Interaction of SmpB with ribosome from directed hydroxyl radical probing

Daisuke Kurita^1,2, Rumi Sasaki¹, Akira Muto^1,2,3 and Hyouta Himeno^1,2,3,*

¹Department of Biochemistry and Biotechnology, Faculty of Agriculture and Life Science, Hirosaki University, Hirosaki 036-8561, ²The United Graduate School of Agricultural Sciences, Iwate University, Morioka 020-8551 and ³RNA Research Center, Hirosaki University, Hirosaki 036-8561, Japan

*To whom correspondence should be addressed. Tel: +81 172 39 3592; Fax: +81 172 39 3593; Email: himeno{at}cc.hirosaki-u.ac.jp

Received May 12, 2007. Revised August 17, 2007. Accepted August 17, 2007.
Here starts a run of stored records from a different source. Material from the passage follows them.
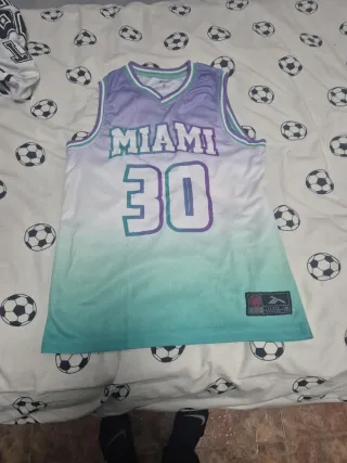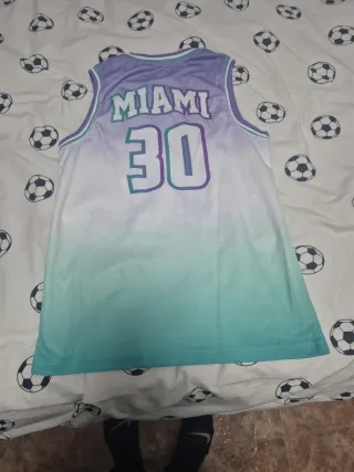 Camiseta de baloncesto con un diseño degradado en tonos morado y verde azulado. Luce el nombre MIAMI y el número 30 en grande. - Diseño degradado morado a verde azulado. - Nombre MIAMI en la parte superior. - Número 30 en el centro. - Etiqueta de la marca Tenth en la parte inferior. -Talla niño/a 12 años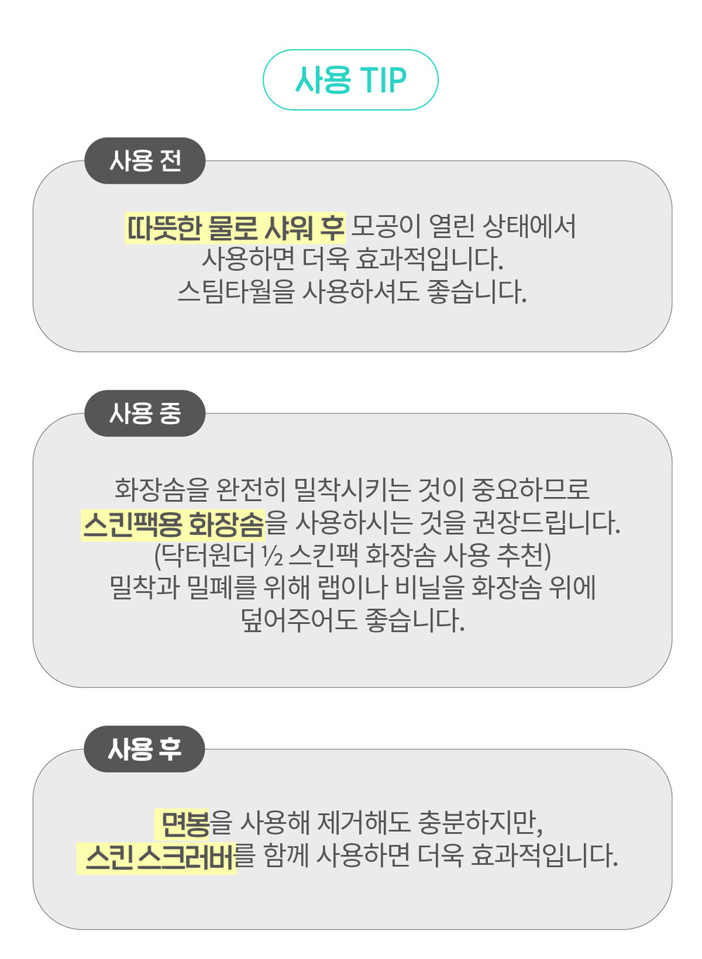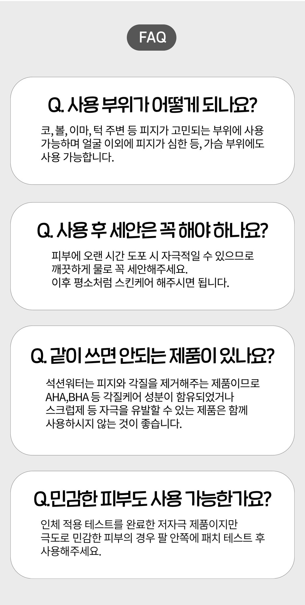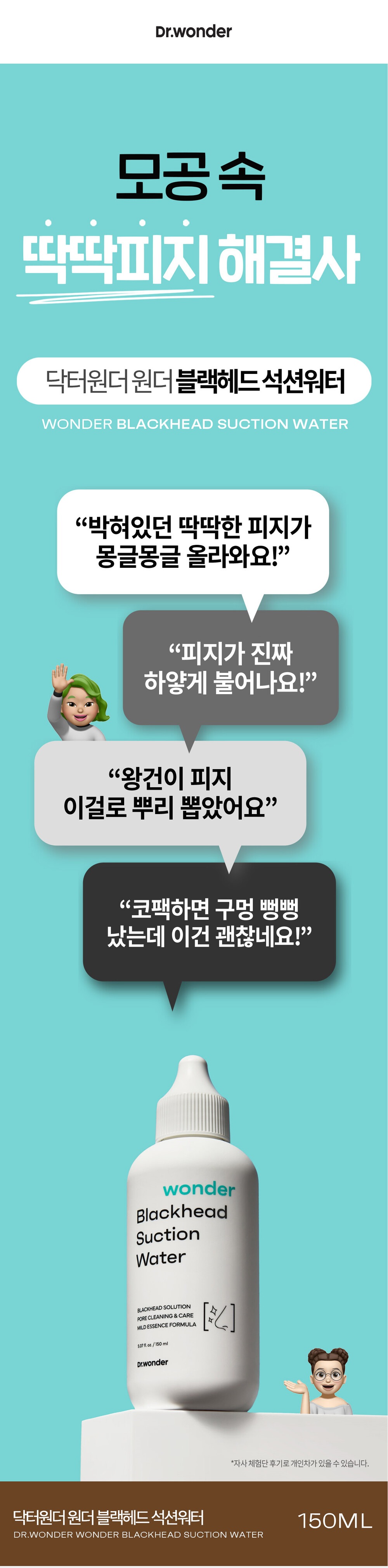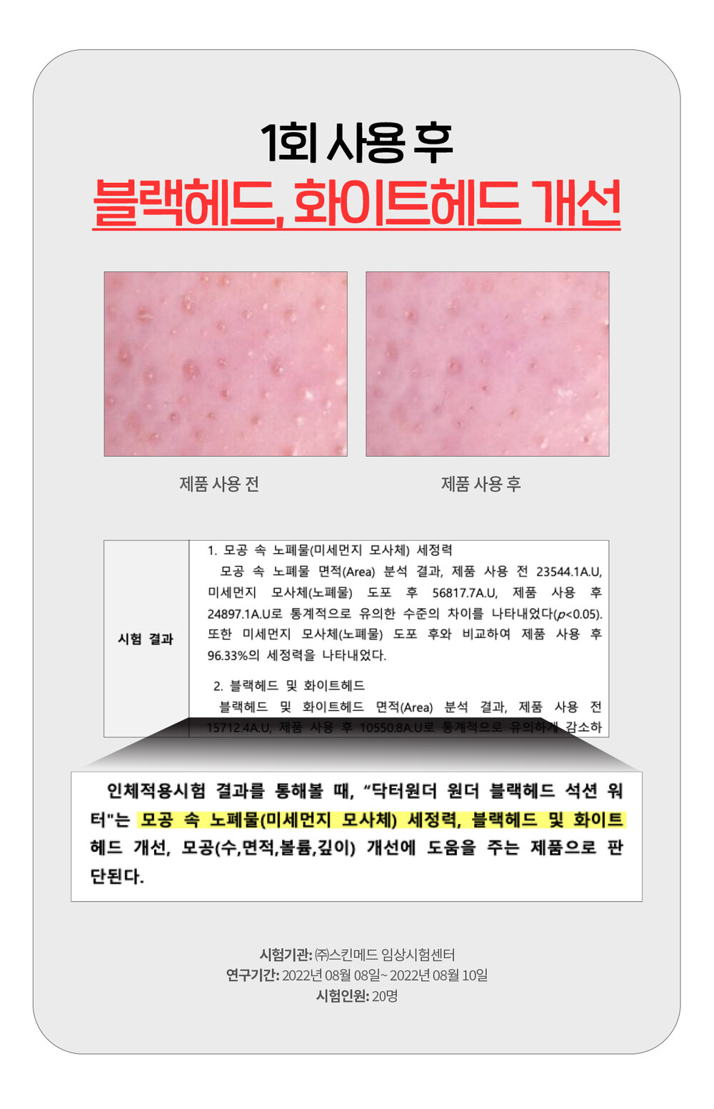 블랙헤드 석션워터는 단 1회 사용으로도 피지를 불려 스스로 나오게 하는 신개념 3세대 피지제거제입니다.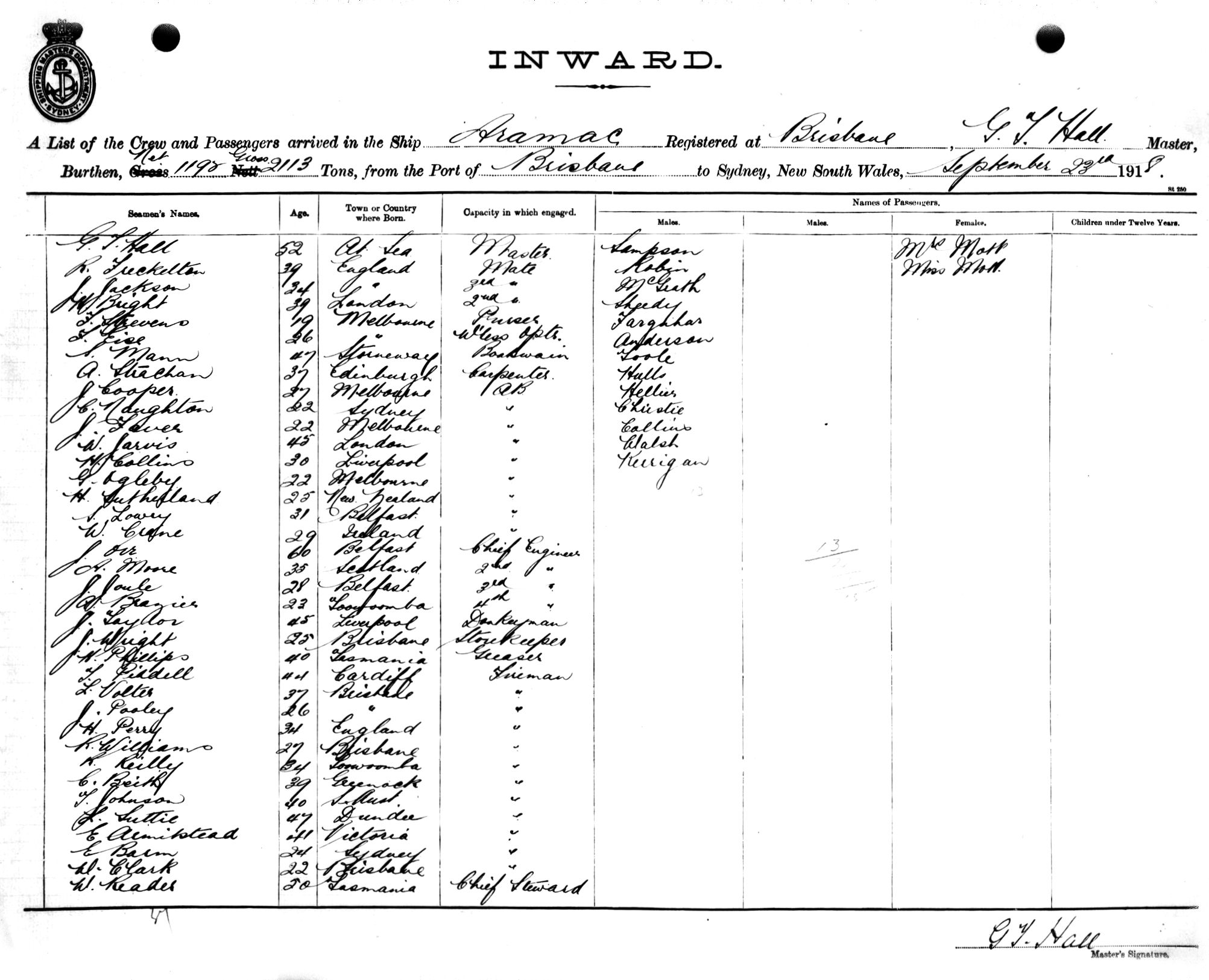 ARAMACOF BRISBANE, G. T. HALL, MASTER, BURTHEN 2113/1192 TONS FROM THE PORT OF BRISBANE TO SYDNEY, NEW SOUTH WALES, 23RD SEPTEMBER, 1918 |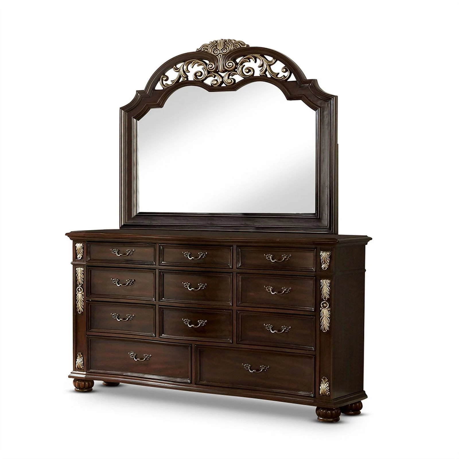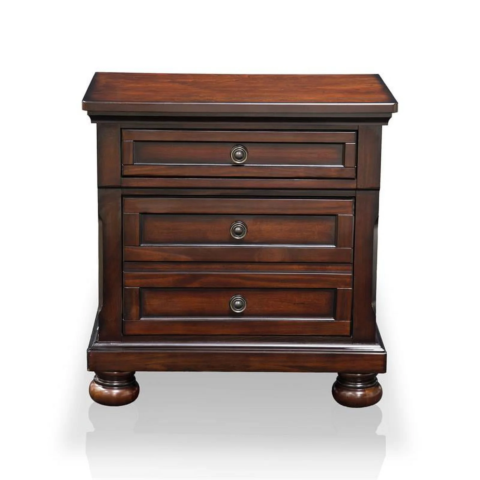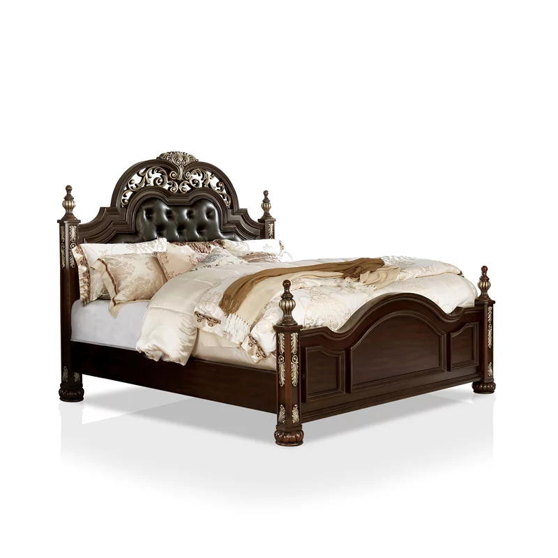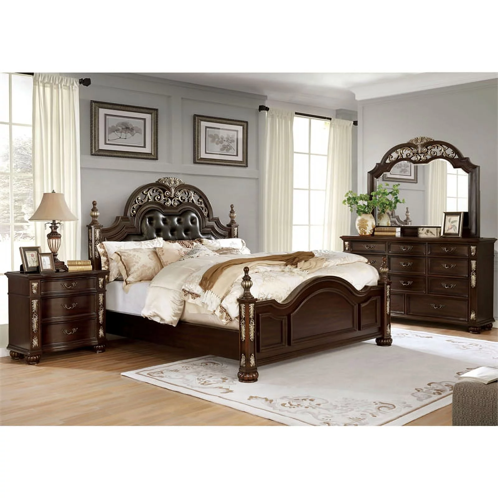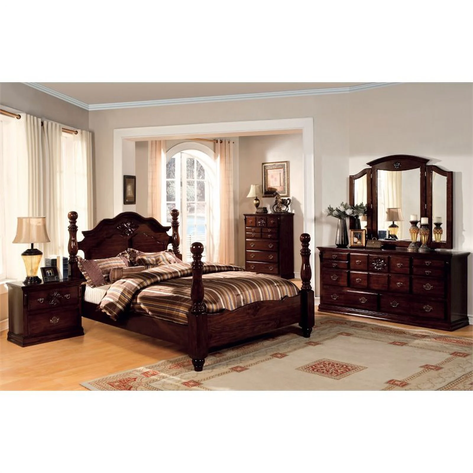 FOA Eckel 4pc Brown Cherry Wood Bedroom Set - King+Nightstand+Dresser+Mirror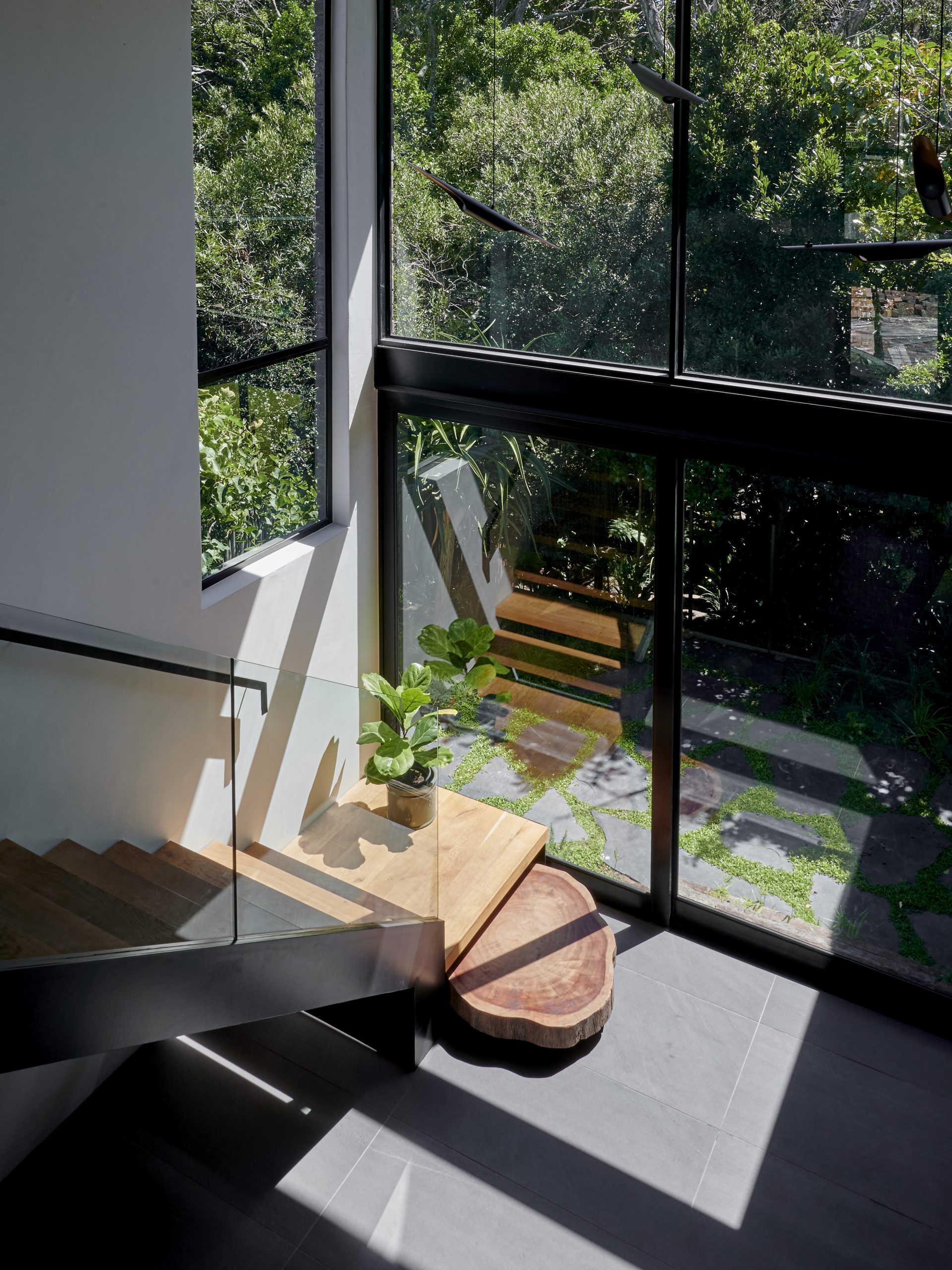 DW: We lived on the site in an old cottage prior to the build. While debating the build, we used whatever available money we had to develop the landscaping. The site bush was contoured, and a section was cleared for lawn while the forested area was densified with indigenous tree planting.
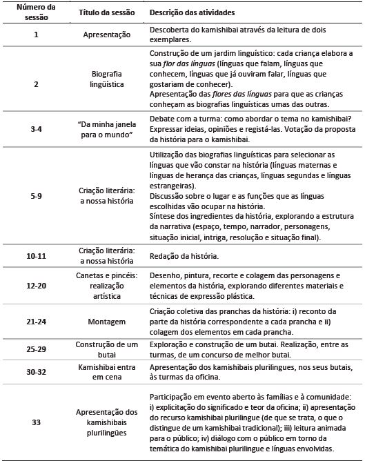 Assim, cada turma participou num total de 33 sessões na oficina “Kamishibai Plurilingue”, com a duração de 60 minutos, uma vez por semana. No quadro 1 abaixo, apresentamos o plano global das sessões da oficina.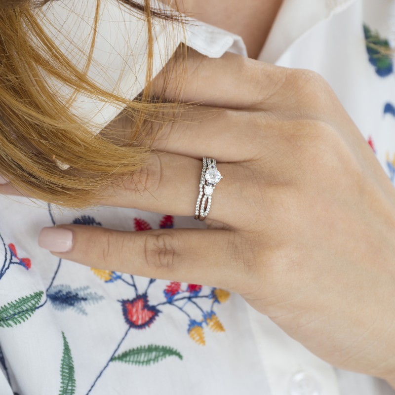 This wedding ring is made to match with the engagement ring below. If you already have an engagement ring, you can add PerfectFit onto your order. We will send you images of your engagment ring with our matching band. You can consider it a virtual ring fitting.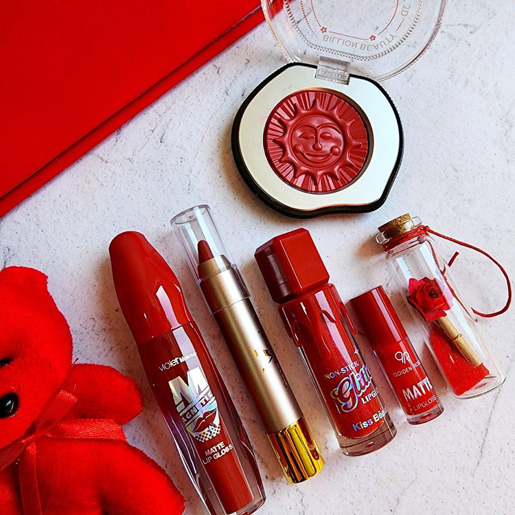 پک لوازم آرایشی قرمز خرسی مناسب هدیه ولنتاین / روز عشق / تولد / سالگرد ازدواج و ...

To add a tag-peptide for degradation to the nascent polypeptide in a stalled ribosome, an unusual translation called trans-translation is facilitated by transfer-messenger RNA (tmRNA) having an upper half of the tRNA structure and the sequence encoding the tag-peptide except the first alanine. During this event, tmRNA enters the vacant A-site of the stalled ribosome without a codon–anticodon interaction, but with a protein factor SmpB. Here, we studied the sites and modes of binding of SmpB to the ribosome by directed hydroxyl radical probing from Fe(II) tethered to SmpB variants. It revealed two SmpB-binding sites, A-site and P-site, on the ribosome. Each SmpB can be superimposed on the lower half of tRNA behaving in translation. The sites of cleavages from Fe(II) tethered to the C-terminal residues of A-site SmpB are aligned along the mRNA path towards the downstream tunnel, while those of P-site SmpB are found almost exclusively around the region of the codon–anticodon interaction in the P-site. We propose a new model of trans-translation in that the C-terminal tail of SmpB initially recognizes the decoding region and the mRNA path free of mRNA by mimicking mRNA.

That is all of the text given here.